Well, if this isn't a subject I would rather not touch, I don't know what is. My parents were as different as night and day.
They married young. They wanted a baby, which was against my mom's Dr's advice because she was on new heart medication. He said she needed to be on the medicine at least a year before trying. Well, nothing would do for her and my dad and several months after they were married, she was pregnant with me.
It was a disaster due to her medical conditions. She was sick all the time and they were immature. My dad ended up bailing because of the stress and they were already on the way to a divorce when I made my entrance in this world.

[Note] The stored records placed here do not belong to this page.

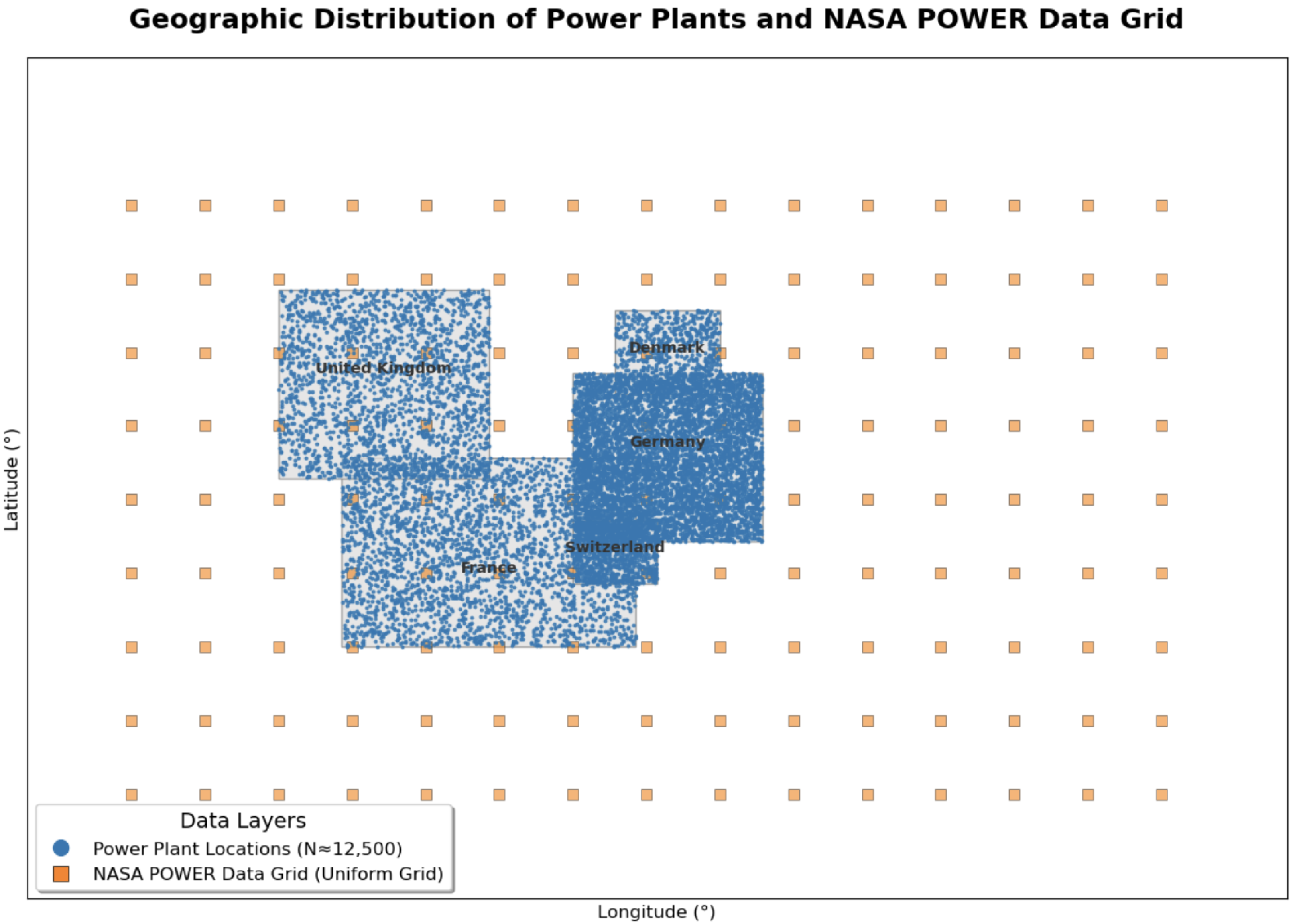 Geographic distribution of the power plant locations and the NASA POWER data grid used in this study. The dense blue points represent the locations of the 12,299 unique power plants, concentrated within the five study countries (United Kingdom, France, Germany, Switzerland, and Denmark). The sparse orange squares represent the uniform grid of the satellite-derived meteorological data. This visualization highlights the spatial mismatch that necessitates the use of the cKDTree algorithm for accurate feature matching.
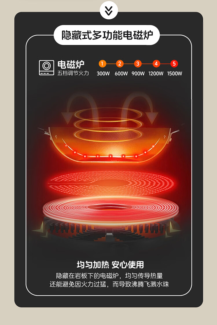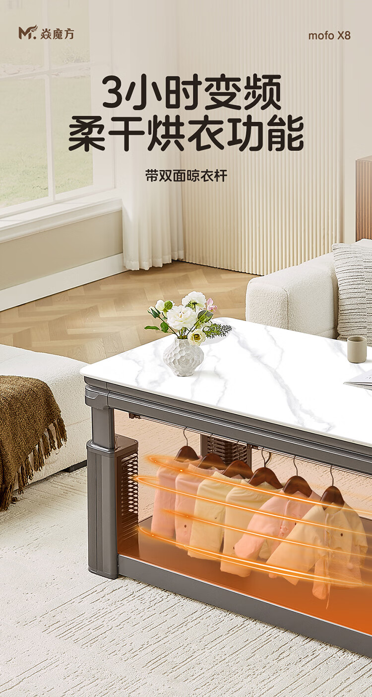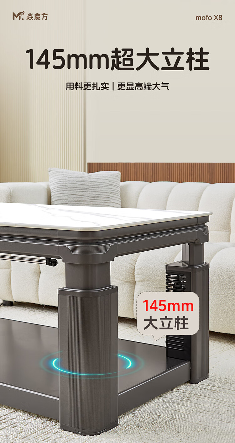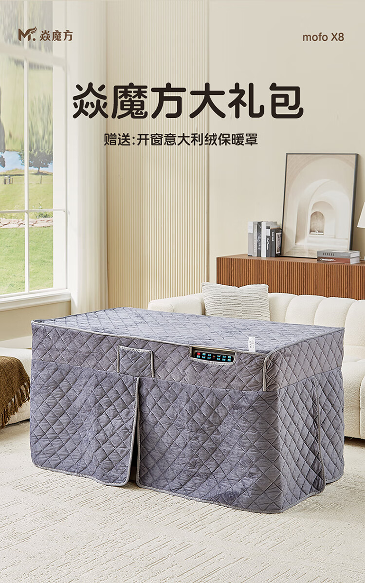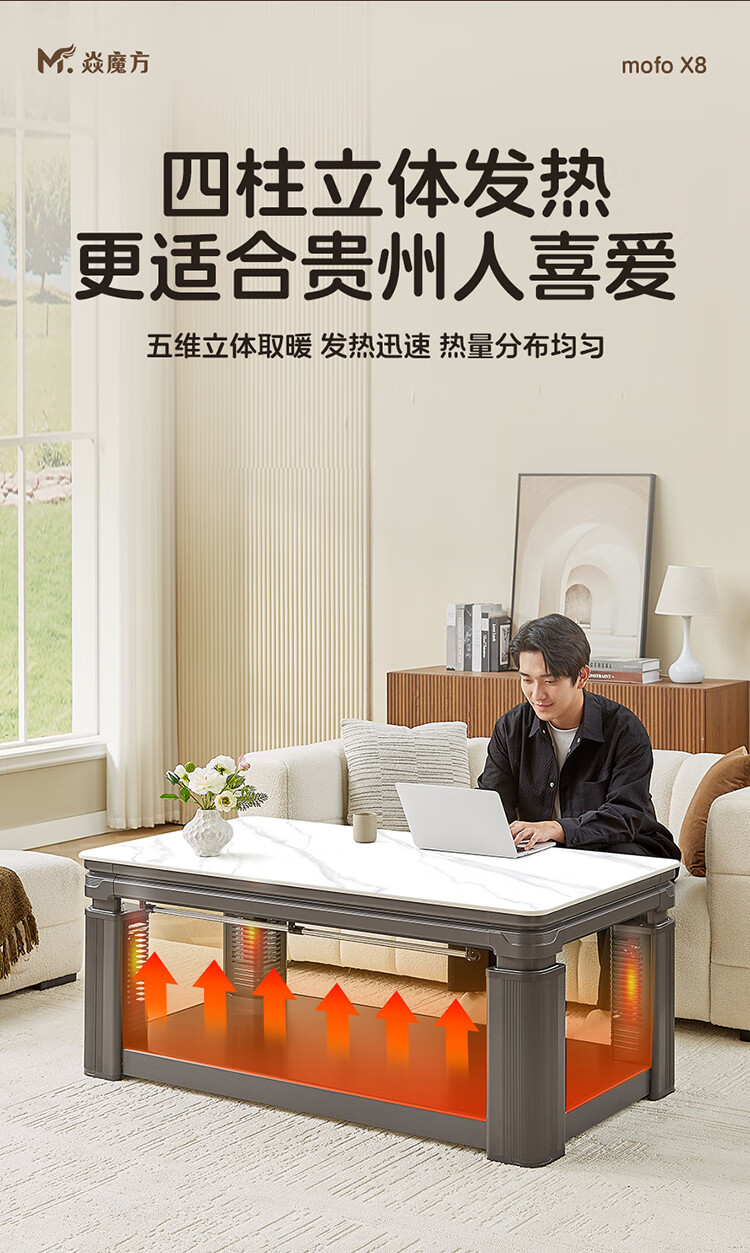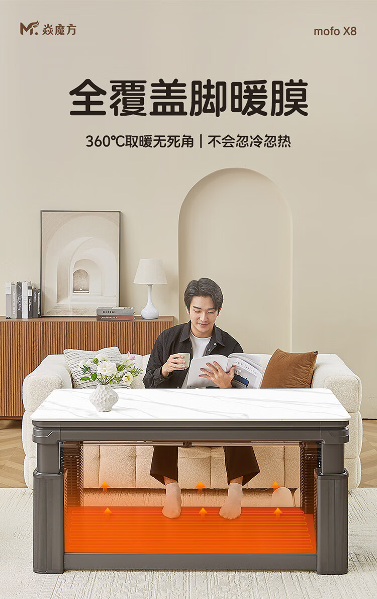 Yan Rubik's Cube new electric heating table lift electric stove stove table integrated heating home living room coffee table fire table mobile electric heating table X8 (1380 hidden stove brown coffee color)
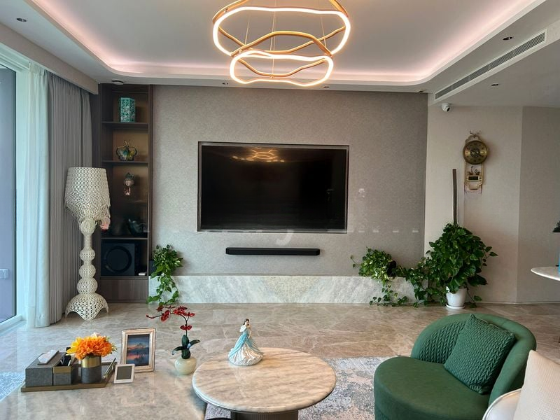 Step into a world of modern elegance as you enter this beautifully renovated unit at Corals at Keppel Bay. The abundant natural light floods the open-concept living space, highlighting the exquisite marble-look floor tiles and the striking designer branch chandelier. Floor-to-ceiling sliding glass doors invite you to enjoy breathtaking views of the city skyline, lush greenery, and the tranquil waterway, creating an ambiance that is both sophisticated and serene.
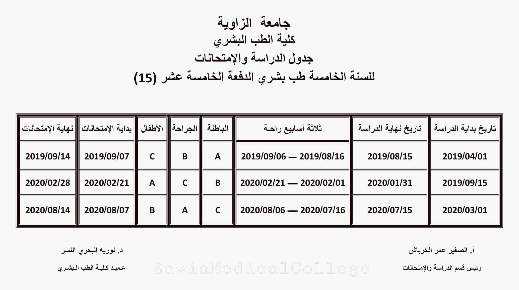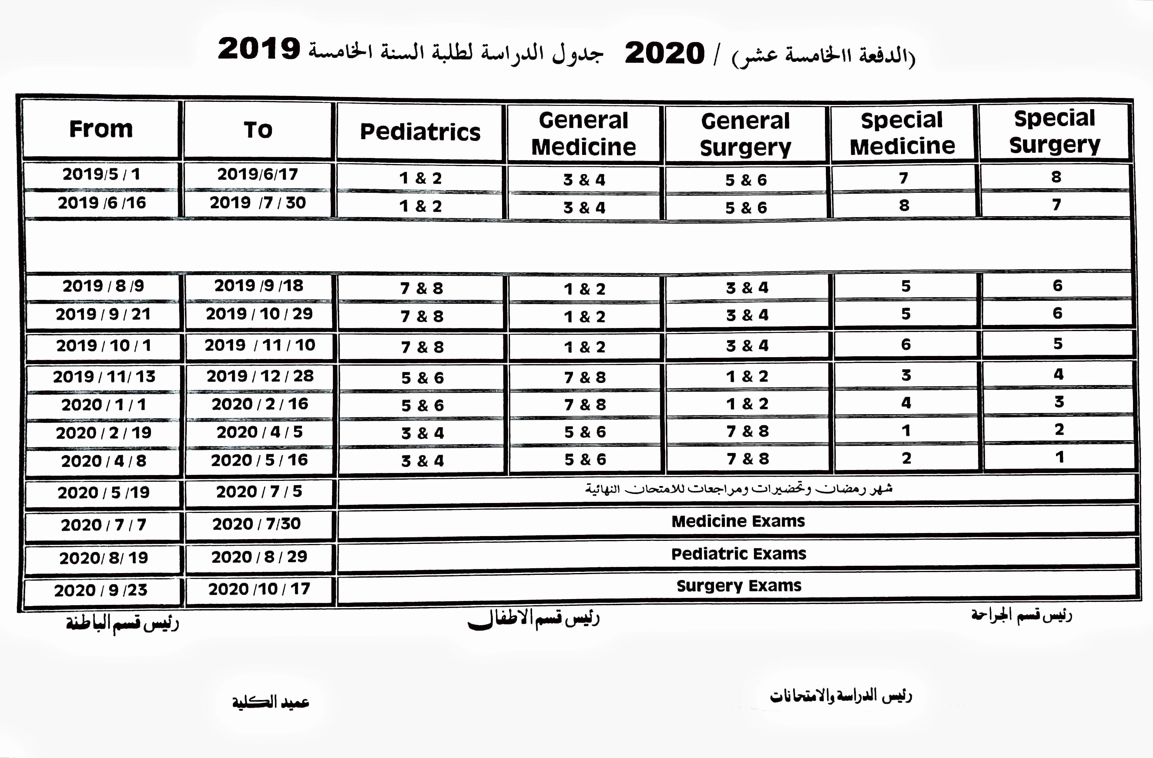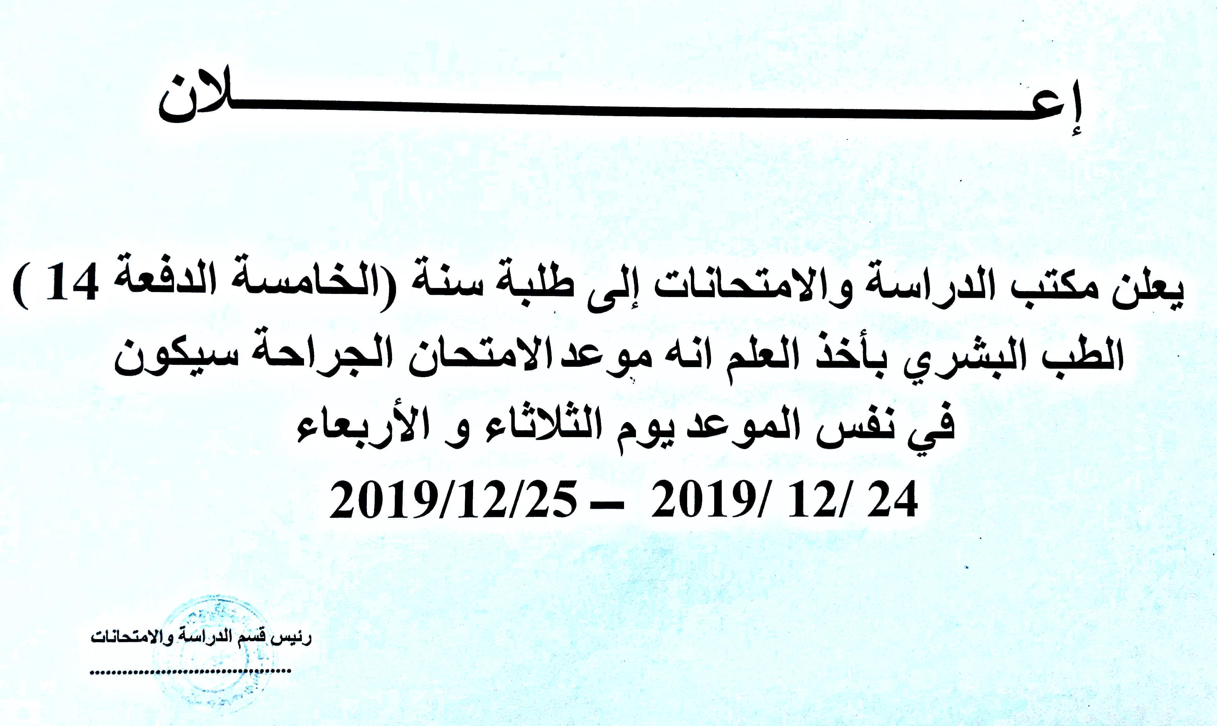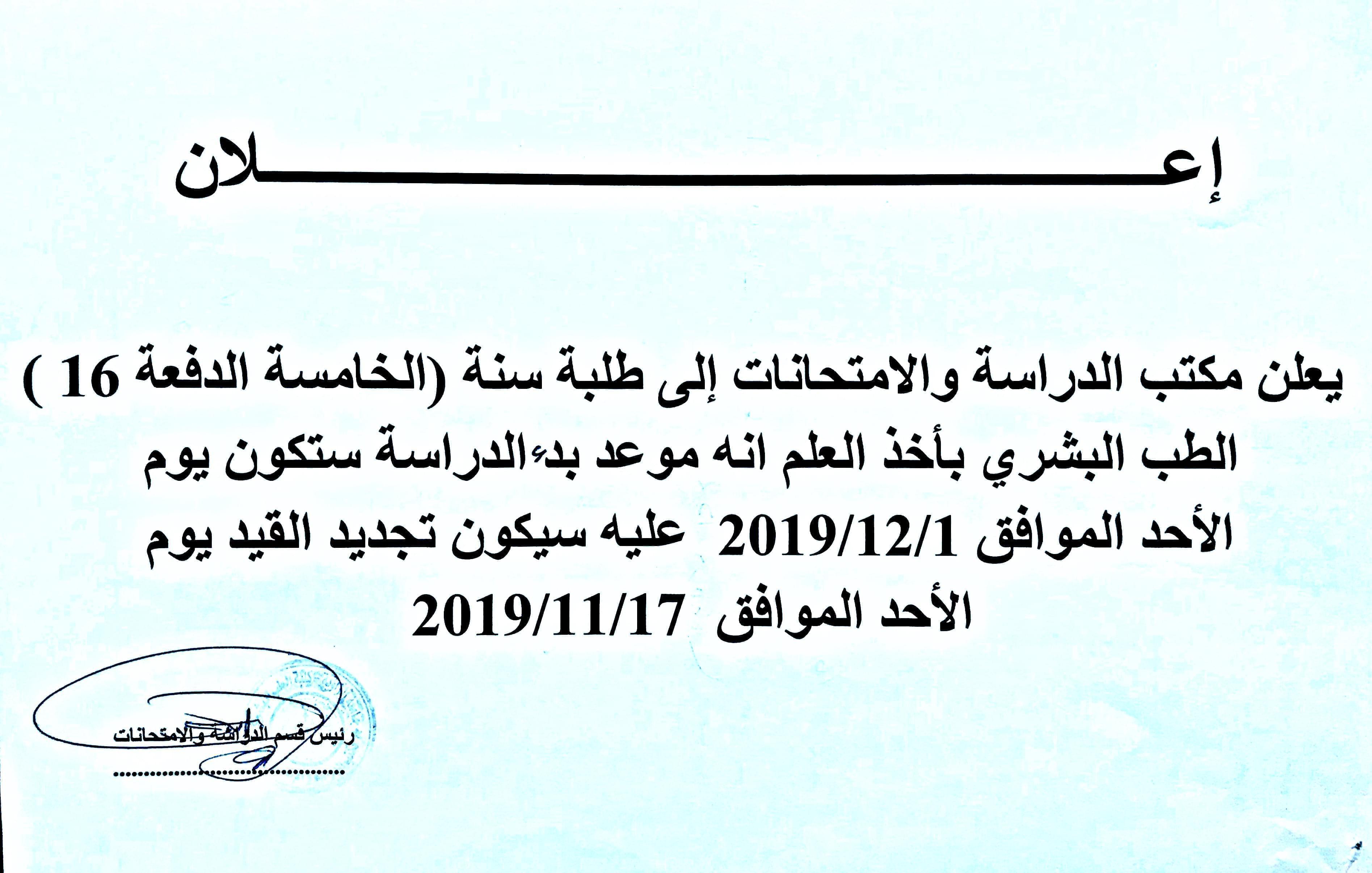 يعلن قسم الدراسة والامتحانات بكلية الطب البشري ان بداية العام الدراسي لسنة الخامسة الدفعة 15 هو 1-4-2019

I think my mom was heart broken for a long time and probably told me things as a young child that I didn't need to hear. I don't think she meant to harm me, but she did. The story that I have always heard was that in divorce proceedings, my dad said he would not ask to see me or have any custody if my mom wouldn't ask him to pay child support. So, that's the way it was.
I didn't really know much about him, but little by little as I got older, I found out that he was remarried and he had a son and daughter. I always longed to have brothers and sisters, so knowing they were there right in the next town REALLY, REALLY damaged me.
When I was 15, my dad contacted my mom about seeing me. She wasn't nice, I was a kid and confused and said more out of loyalty to my mom that I didn't want to see him. My mom had another conversation with him that I didn't know about until years later. She told him that if he wanted to have a relationship with me, he would wait until I was old enough to really process and make my own decision. So he did. On my 21st birthday, he called my apartment phone and I didn't know how to react. We ended up talking for several weeks and I went to his house one Friday night to see him.
My little brother was 11 and my sister was 7 at the time, so I was elated that it might not be too late for me and them. I did everything I could to be a good sister. But, his wife would not accept me. My dad and step mom began to fight a lot and things just got way out of hand. I ended up making the decision to just leave well enough alone. I missed my siblings terribly, but I refused to turn their functional family into dysfunctional because of me.
My brother is now married and my little sister graduated high school this May and got engaged last week. I know this because we're friends on facebook. It breaks my heart that things are the way they are, but I don't know how to fix them.
I ran into my dad in Walmart recently and it was just weird. I wanted him to just hug me and hold me. We stood at the end of the kitchen isle and talked for 30 minutes. He asked me was there anything specific that he could pray for me about. I told him no, just his prayers in general were appreciated. I left that store in tears because even though my mom and grandma raised me well, all I have ever wanted was to be a daddy's girl.